The same rule from earlier posts applies here: AI writes the commentary, not the numbers. Every number that gets shown to a user is pulled from a database before the AI prompt is constructed and inserted verbatim. The AI is explicitly told to never invent numbers. When it fails (and it sometimes does - LLMs are pleasers), the schema validation catches it and the user gets an error instead of a hallucinated metric.

The other rule that's been important: AI prompts live in a database table, not in code. There's an internal Alice Prompts editor at /internal/alice-prompts where a super admin can edit any of the fifteen prompts used across the platform and have the change take effect on the next AI call without a deploy. This sounds boring but it matters - prompt engineering is iterative, and the iterations don't deserve a release cycle each.

What I would change

A few months in, a few things would be different on a second build:

Multi-tenant from day one, not retrofitted. I started this as a single-tenant tool and added the company switcher and tenant scoping later. It worked but every query had to be hunted for tenant-correctness. Starting with row-level security in the database (Postgres has it built in; MySQL via discipline) would have saved a lot of manual auditing.

A managed cloud database instead of self-hosted MySQL. Same story as the ad-spend dashboard post. Managed cloud Postgres or BigQuery would simplify backups, point-in-time recovery, and replication. The cost difference at agency-data volumes is negligible compared to the time saved on the deployment story.

Separate the front-end build into its own deploy artifact. Right now Vite-compiled assets are built on the server after each git pull. This works but means the deploy is "git pull → npm build → artisan optimize:clear" which is three steps where it could be one. Building the assets in CI and shipping a pre-built tarball would tighten this.

But the core promise - that a ten-person agency can run on one Laravel application that holds both the team's workflow and every client's portal - has held up.
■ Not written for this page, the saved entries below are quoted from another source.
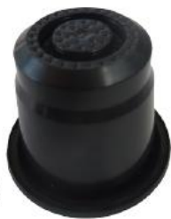
Capsul'in Version 3 Capsule Photo showing top of capsule with the holes for water injection.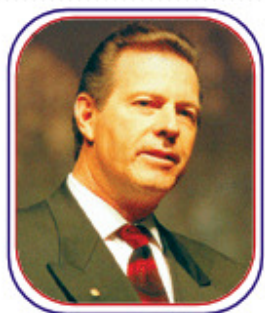
Hon. D. Gary Young, N.D., OSJ,

Deputy Minister for State of Utah, U.S.A. for the International States Parliament for Safety and Peace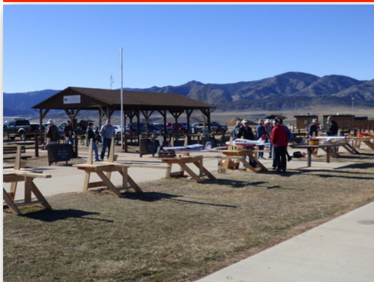
Looking Southwest towards the pits and pavilion.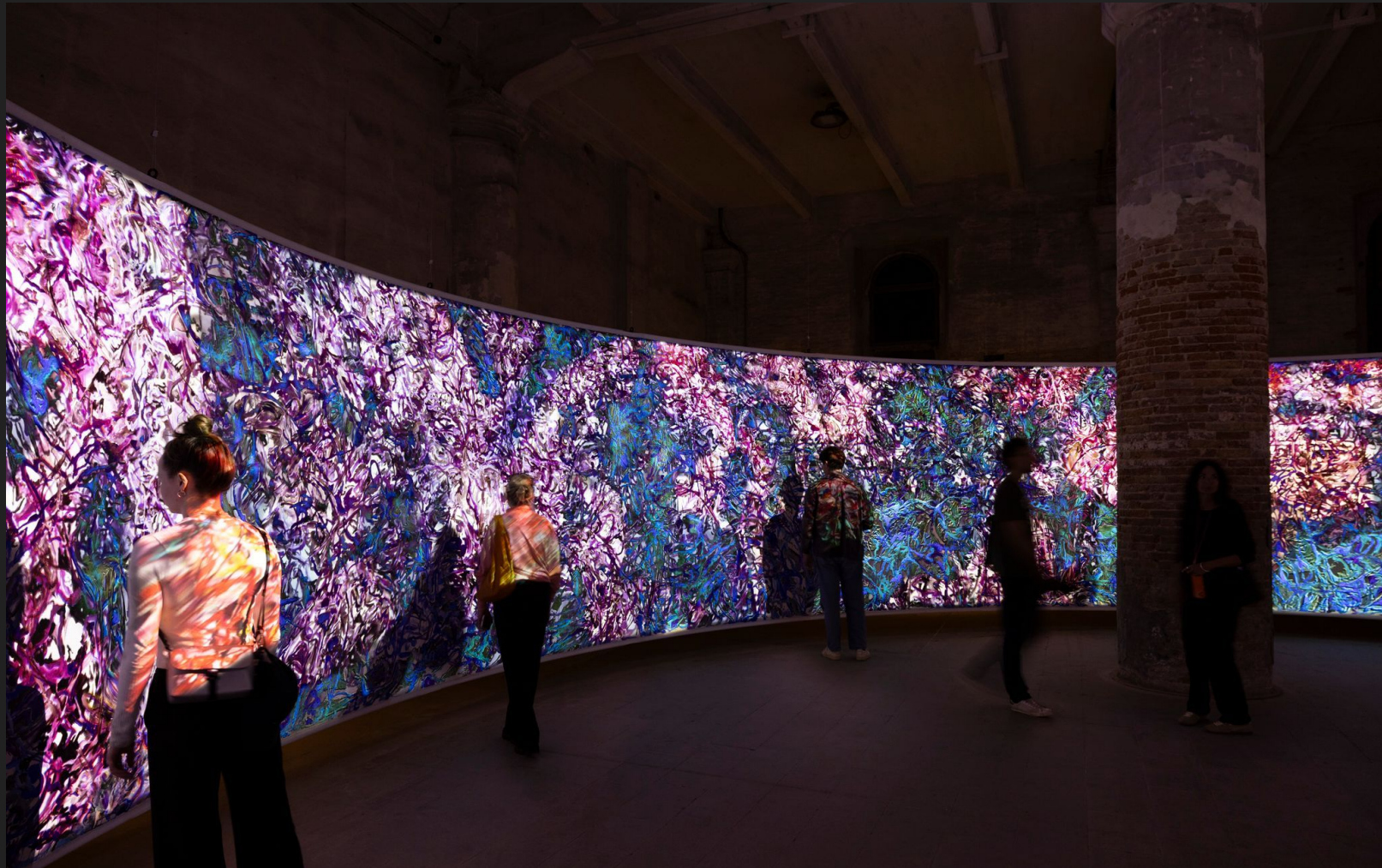
Khaled Sabsabi, khalil , 2026, 8 channel HD video installation with audio, 40 x 2.8 metre acrylic paint on canvas, steel, black oud scent, 64 minutes. Developed with Michael Dagostino.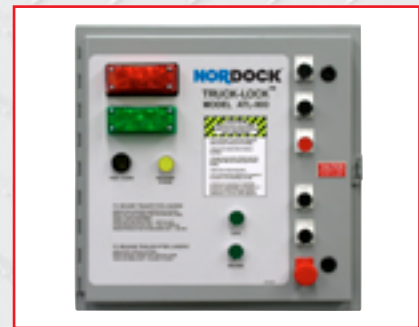
Optional Integrated Control Systems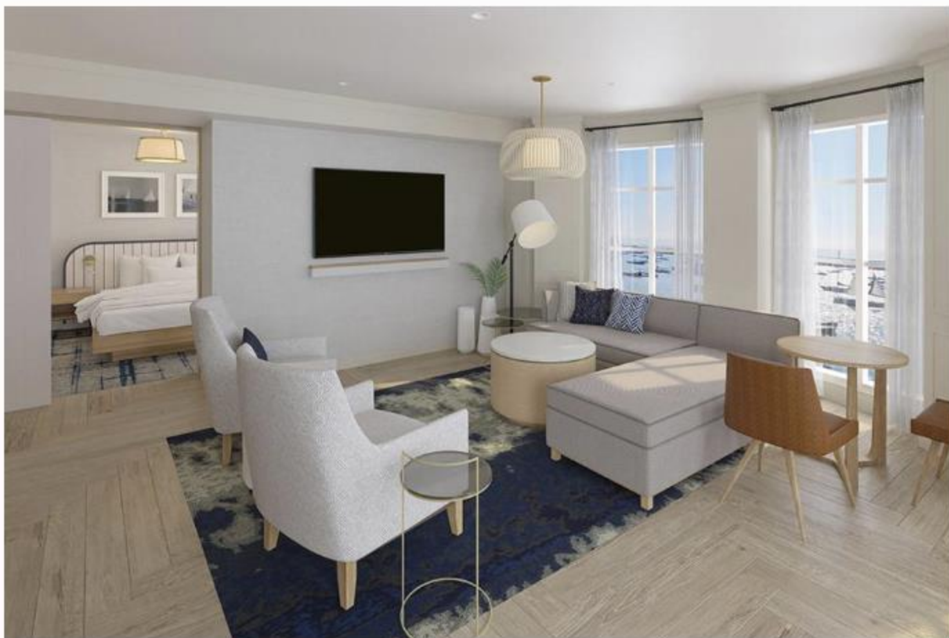
A boutique stay in Newport. BRENTON HOTEL

Forbes Travel Guide gathered some of the luxury hotel openings that should be on your radar. Whether you bookmark these destinations for a future trip or book a stay now to be among the first guests, our list of 16 brand-new hotels to visit this year (or beyond) will give you some travel inspiration.

We're paying for AWS, DataForSEO, OpenAI, GitHub, and a managed host. That's it. The compounding effect of "everything is one query away" against "everything is one tab away" is the kind of leverage you don't feel until you've worked both ways.

If you're an agency thinking about the build vs buy decision, the question isn't whether the tools you'd buy are good. They are. The question is whether the integrations between those tools are where your real productivity lives. For us, they were. So we built the thirteenth tool that talks to all twelve.